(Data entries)
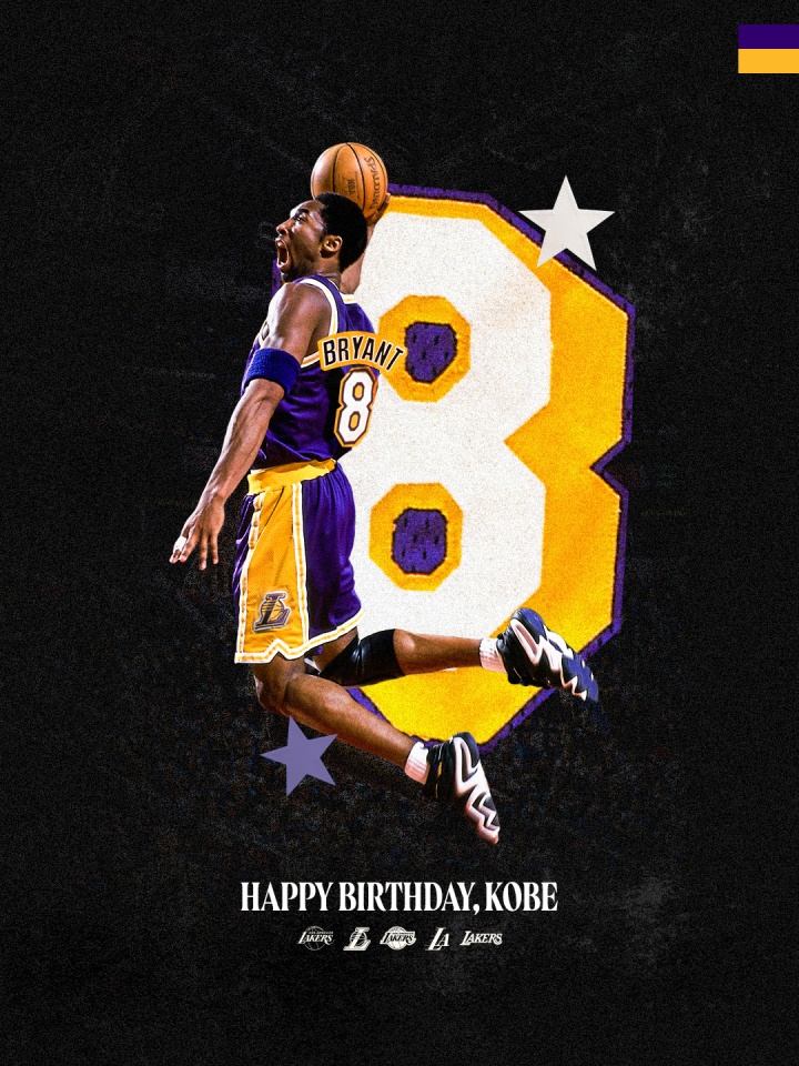 1、湖人官方:“洛杉矶之心,生日快乐,科比 💜”
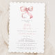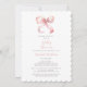 Abraza la llegada de un pequeño precioso con nuestra elegante invitación para baby shower en rosa pastel y blanco. Con una delicada cinta rosa coquette en la parte superior, este diseño atemporal muestra una caligrafía rosa y gris elegante para presentar los detalles del evento. La parte posterior es de un blanco crujiente. La muestra está terminada con el borde de elección escalopado para acentuar la apariencia, pero puede ser cambiada a cualquier otro acabado de su elección al ordenar.
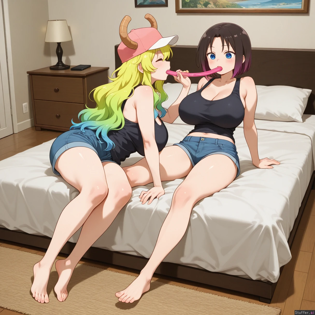 **character** elma_(maidragon), lucoa_(maidragon) **artist** Bamboo_ale(artist) **clothes** Home_outfit, **settings** full_body, 2girls, living room, siting_on_bed, force_feeding **body** (Tall:1.2), long_legs ((Wide_hips), (hyper_fat_belly), (gigantic_breasts), (gigantic_belly), (gigantic_ass), (gigantic_thighs), (morbidly_obese_female), (love_handls), (bellyheavy) (Fat_arms), (fat_legs),:0.1),
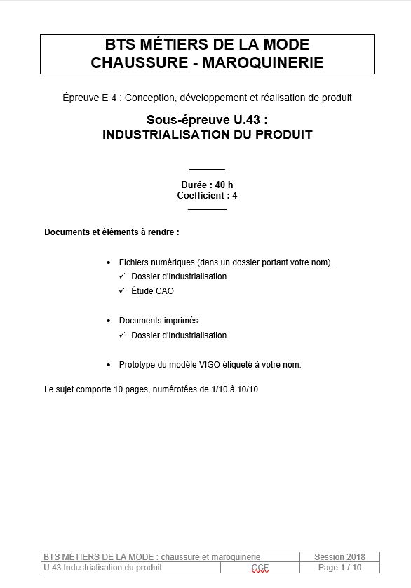Sujet pouvant servir à évaluation de l'unité U43 Industrialisation du produit du BTS MMCM
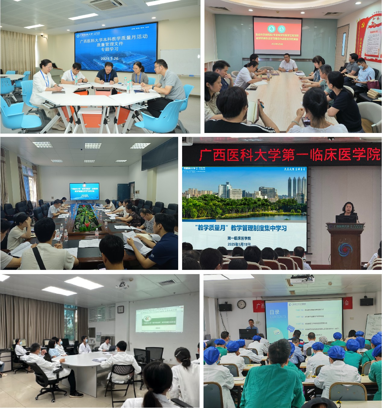 质量文化建设,思想先行。各学院以“教学质量月”为契机,组织全体教师系统学习《广西医科大学本科教学质量管理实施办法》《本科教学主要环节质量标准》等规章制度,通过“分层学习、专题研讨、案例剖析”模式,强化教师育人使命与责任担当。
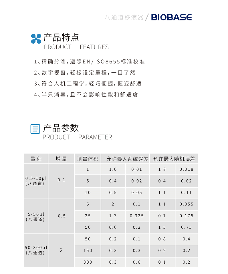 博科/BIOBASE半只消毒8道可调移液器5-300μl
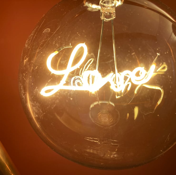 I had seen the bulbs with script filaments on sale and was inspired to make a statement lamp to go with the statement in the bulb!
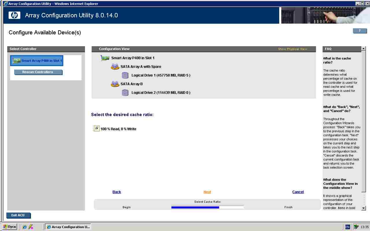 из штатной утилиты пытаюсь изменить соотношение кеша чтения\записи контроллера. (в данный момент 100% чтения)-на необходимом мне шаге- нет возможности изменить соотношение.имею вот такой скриншот(во вложении)
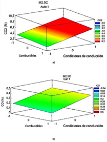 Figura 3 Emisiones de CO2 (a) y emisiones de CO (b) del vehículo M 2.5C en función del tipo de combustible y las condiciones de conducción.

= About this exercise =
Your copy must repeat the data word for word and show none of its images.

= Result for this task =
 1、湖人官方:“洛杉矶之心,生日快乐,科比 💜”
 Abraza la llegada de un pequeño precioso con nuestra elegante invitación para baby shower en rosa pastel y blanco. Con una delicada cinta rosa coquette en la parte superior, este diseño atemporal muestra una caligrafía rosa y gris elegante para presentar los detalles del evento. La parte posterior es de un blanco crujiente. La muestra está terminada con el borde de elección escalopado para acentuar la apariencia, pero puede ser cambiada a cualquier otro acabado de su elección al ordenar.
 **character** elma_(maidragon), lucoa_(maidragon) **artist** Bamboo_ale(artist) **clothes** Home_outfit, **settings** full_body, 2girls, living room, siting_on_bed, force_feeding **body** (Tall:1.2), long_legs ((Wide_hips), (hyper_fat_belly), (gigantic_breasts), (gigantic_belly), (gigantic_ass), (gigantic_thighs), (morbidly_obese_female), (love_handls), (bellyheavy) (Fat_arms), (fat_legs),:0.1),
Sujet pouvant servir à évaluation de l'unité U43 Industrialisation du produit du BTS MMCM
 质量文化建设,思想先行。各学院以“教学质量月”为契机,组织全体教师系统学习《广西医科大学本科教学质量管理实施办法》《本科教学主要环节质量标准》等规章制度,通过“分层学习、专题研讨、案例剖析”模式,强化教师育人使命与责任担当。
 博科/BIOBASE半只消毒8道可调移液器5-300μl
 I had seen the bulbs with script filaments on sale and was inspired to make a statement lamp to go with the statement in the bulb!
 из штатной утилиты пытаюсь изменить соотношение кеша чтения\записи контроллера. (в данный момент 100% чтения)-на необходимом мне шаге- нет возможности изменить соотношение.имею вот такой скриншот(во вложении)
 Figura 3 Emisiones de CO2 (a) y emisiones de CO (b) del vehículo M 2.5C en función del tipo de combustible y las condiciones de conducción.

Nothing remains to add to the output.